Proof of (ii): Note that $\gcd(a-1,n)$ and $\gcd(a+1,n)$ are relatively prime. This is because any common divisor $k\gt 0$ of $\gcd(a-1,n)$ and $\gcd(a+1,n)$ must divide $n$, $a-1$, and $a+1$. So $k$ divides $(a+1)-(a-1)$. But $k$ divides $2$. Since $n$ is odd, that means $k=1$. Since $\gcd(a-1,n)$ and $\gcd(a+1,n)$ each divide $n$, and are relatively prime, their product divides $n$. This completes the proof.
You know $n$ is odd, so essentially this $2$ is not supposed to give you a problem. You know that $n \, | \, a^2 - 1$, hence $n \, | \, (a-1)(a+1)$. By the fundamental theorem of arithmetic, we can write $n$ as a product of distinct prime powers.
Suppose $p^{\alpha} \, || \, (a-1)(a+1)$ and $p \neq 2$ is a prime. Since $p \not\mid (a-1,a+1) \in \{1,2\}$, we know that $p$ cannot divide both $(a-1)$ and $(a+1)$. It follows that $p^{\alpha} | a-1$ or $p^{\alpha} | a+1$.
Since the formula you are trying to prove is multiplicative on both sides for integers $n$, you can restrict the proof to the prime power case.
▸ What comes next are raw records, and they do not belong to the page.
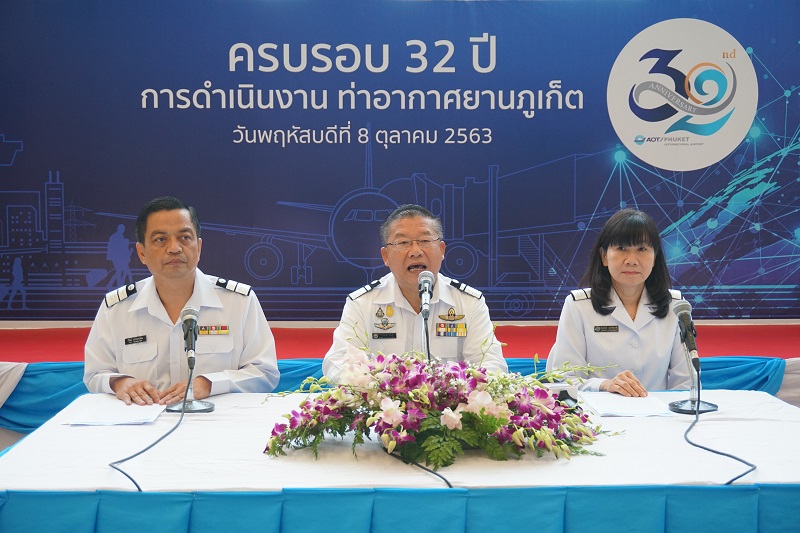วันนี้ (8 ต.ค.) ที่อาคาร X-Terminal ท่าอากาศยานภูเก็ต เรืออากาศตรีธานี ช่วงชู ผู้อำนวยการท่าอากาศยานภูเก็ต พร้อมคณะ แถลงในโอกาสครบรอบ 32 ปี การดำเนินงานของท่าอากาศยานภูเก็ต หลังได้รับโอนมาจากกรมการบินพลเรือนเมื่อวันที่ 8 ต.ค.2531 ซึ่งการดำเนินงานเป็นไปด้วยดี โดยปี 2562 ก่อนที่จะประสบปัญหาโควิด-19 ท่าอากาศยานภูเก็ตมีความคับคั่งของการให้บริการผู้โดยสารอยู่ที่ 18.622 ล้านคนต่อปี ต่อมา ม.ค.2563
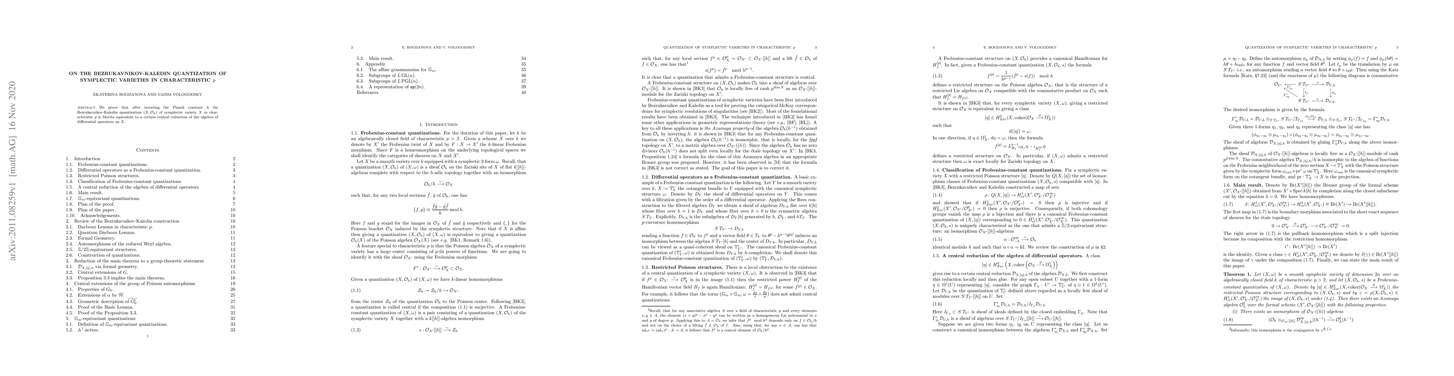 The research paper proves that a certain algebraic structure of symplectic varieties can be transformed into another form through a process called Bezrukavnikov-Kaledin quantization, which is related to the reduction of differential operators on the variety.
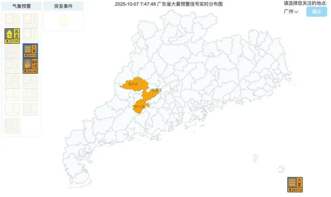 值得注意的是,今早,广东三地出现大雾橙色预警信号。肇庆市德庆县、肇庆市高要区、云浮市新兴县部分地区已出现能见度小于200米的雾且将持续,三地气象台发布大雾橙色预警信号。若回程遇大雾天气,请注意交通安全,应当控制行驶速度,小心驾驶。

I let you fill in the blanks.
Hope that helps,
First we shall need \begin{align} (a-1, a+1)&\overset{a=2k}{=}(2k-1, 2k+1)=1\tag{1}\\ (a-1, a+1)&\overset{a=2k+1}{=}(2k, 2k+2)=2(k, k+1)=2\tag{2} \end{align}
We have $n\mid a^2-1=(a-1)(a+1)$, where $n$ is odd.
Now if $a$ is even $(a-1,a+1)=1$ by $(1)$. Hence in this case $n\mid(a-1)$ and $n\nmid(a+1)$, or vice-versa. In the first case $(a-1, n)=n$, $(a+1, n)=1$, and in the second $(a-1, n)=1$, $(a+1, n)=n$. Multiplying proves the theorem.
If $a$ is odd $(a-1, a+1)=2$ by $(1)$, but since $n$ is odd, $(2,n)=1$, and so the proof reverts to the $a$ even case.